Tuesday, June 02, 2009

Science Article on Tenure and University


The latest issue of Science has this interesting article on tenure and the future of the University. This piece is also timely given the economic downturn and the pressures being put on University administrators to look for ways to cut operating costs. Here is a sample:

The fundamental rationale for the tenure system has been to promote the long-term development of new ideas and to challenge students' thinking. Proponents argued more than 60 years ago that tenure is needed to provide faculty the freedom to pursue long-term risky research agendas and to challenge conventional wisdom (1). Those arguments are still being made today (2) and are still valid. However, a 30-year trend toward privatization is creating a pseudo–market environment within public universities that marginalizes the tenure system. A pseudo–market environment is one in which no actual market is possible, but market-like mechanisms (such as benchmarking and rankings based on research dollars, student evaluations, or similar attributes) are used to approximate a market.

... Scientific paradigms shift, and student thinking is stimulated, when dissidents take unpopular positions—unpopular not just with the public, but also with administrators and faculty colleagues. People are much more likely to buck the tide if they know their jobs are secure. Cutting costs by cutting tenure means that a smaller proportion of faculty have the structural conditions needed to challenge conventional thinking.

...But I, and other faculty I have discussed this with, believe that a university is not supposed to be a business; viewing it as one shows not hard-headed realism but a failure to understand what gives the university its strength and potential. Tenure-system faculty are a problem to administrators and trustees precisely because tenure-system faculty have an alternative vision of the university and the power to act on that vision.

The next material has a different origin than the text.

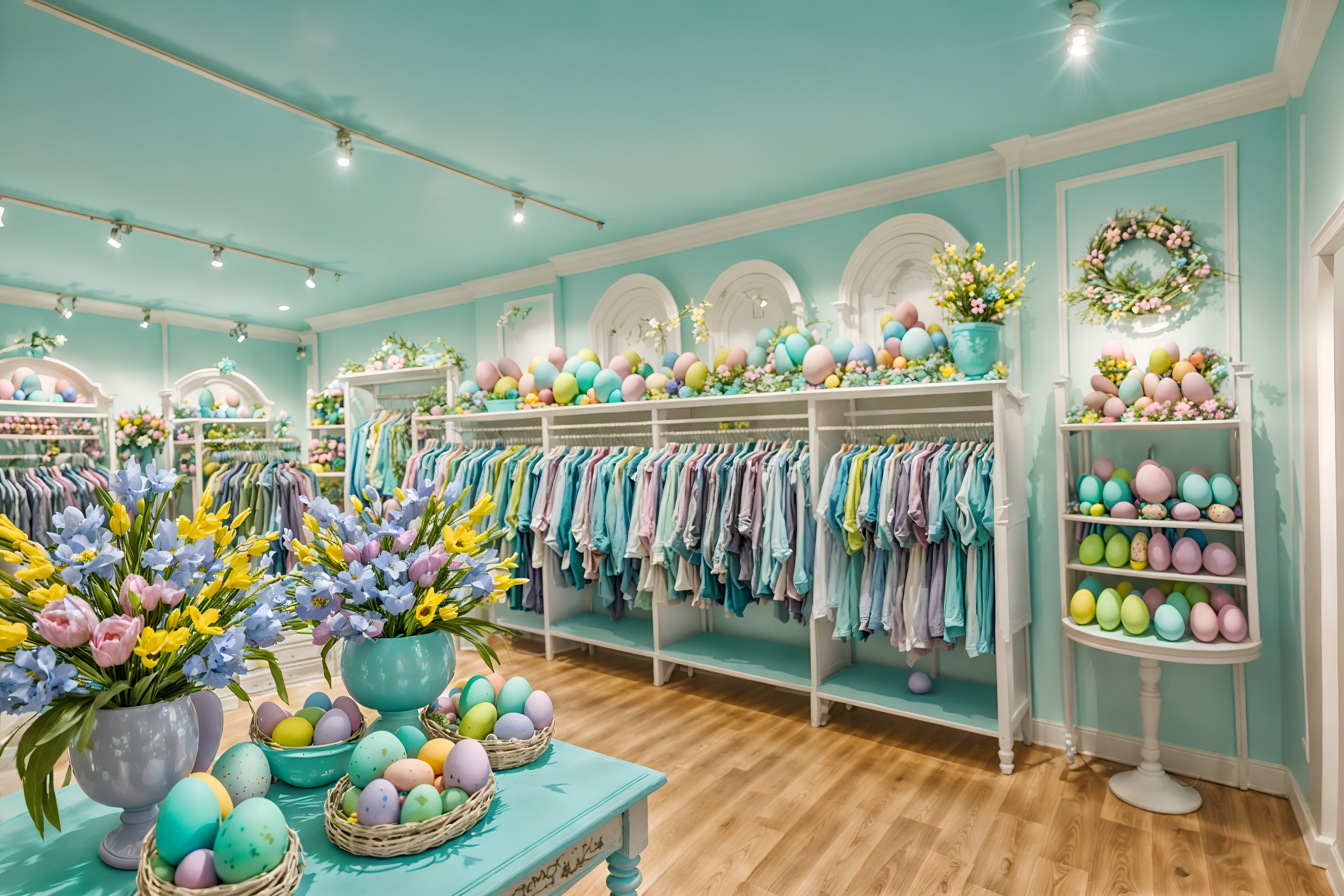 photo from pinterest of easter-style interior designed (clothing store interior) . with light blue colors and easter decorations and colorful easter eggs and spring decorations and flowers on table and light blue colors. . cinematic photo, highly detailed, cinematic lighting, ultra-detailed, ultrarealistic, photorealism, 8k. trending on pinterest. easter interior design style. masterpiece, cinematic light, ultrarealistic+, photorealistic+, 8k, raw photo, realistic, sharp focus on eyes, (symmetrical eyes), (intact eyes), hyperrealistic, highest quality, best quality, , highly detailed, masterpiece, best quality, extremely detailed 8k wallpaper, masterpiece, best quality, ultra-detailed, best shadow, detailed background, detailed face, detailed eyes, high contrast, best illumination, detailed face, dulux, caustic, dynamic angle, detailed glow. dramatic lighting. highly detailed, insanely detailed hair, symmetrical, intricate details, professionally retouched, 8k high definition. strong bokeh. award winning photo.

... The decision about tenure is also a decision about two visions of a university. A university can be seen as a business with a "product" whose offerings should be driven by student "demand," a business that should rely on contingent faculty combined with highly paid administrators committed to "the bottom line." Alternatively, it can be seen as a center of knowledge where students are educated (not just trained), that should be governed in significant part by tenure-system faculty with a long-term commitment to the institution and to knowledge.